In SQL Server 2005 and above you can use ROW_NUMBER function. eg.
USE AdventureWorks;
GO
WITH OrderedOrders AS
(
SELECT SalesOrderID, OrderDate,
ROW_NUMBER() OVER (ORDER BY OrderDate) AS 'RowNumber'
FROM Sales.SalesOrderHeader
)
SELECT *
FROM OrderedOrders
WHERE RowNumber BETWEEN 51 AND 60; --BETWEEN is inclusive
Run .Skip(1000).Take(100) on a LINQ to SQL datacontext and look at the SQL output. It will generate a SQL statement for you that does what you're describing.

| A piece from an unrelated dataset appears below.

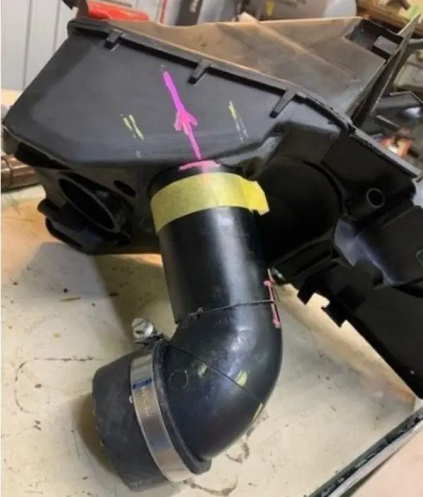 エアクリーナーBOXとキャブとのコネクティングチューブをワンオフでかなり芸術的につくりました。しかしコネクテイングチューブとエアクリーナーBOXまでの通線がこれちょっと細いんです。一般的に2stエンジンのキャブの吸気側ファンネル部はできるだけ最短で大きく開放してあげる必要があるのです。しかし今回製作したものは細くて長い。エアクリーナーBOX部の大容量部までの経路が長いんです。長い細いファンネル付けた状態に近い。原理原則に従えばファンネルが長いと吸気慣性が働くので高回転仕様になる。しかし、DIYでエアクリーナーBOXとその接続部であるコネクテイングチューブをつくろうとすると形状自由度に限界があるのです。

LINQ to SQL does this by using a ROW_NUMBER windowing function:
SELECT a,b,c FROM
(SELECT a,b,c, ROW_NUMBER() OVER (ORDER BY ...) as row_number
FROM Table) t0
WHERE to.row_number BETWEEN 1000 and 1100;
This works, but the need to manufacture the row_number from the ORDER BY may result in your query being sorted on the server side and cause performance problems. Even when an index can satisfy the ORDER BY requirement, the query still has to count 1000 rows before startting to return results. All too often developers forget this and just throw a pagination control over a 5 mil rows table and wonder why the first page is returned so much faster than the last one...
None the less, using ROW_NUMBER() is probably the best balance between ease of use and good performance, provided you make sure you avoid the sort (the ORDER BY condition can be satisified by an index).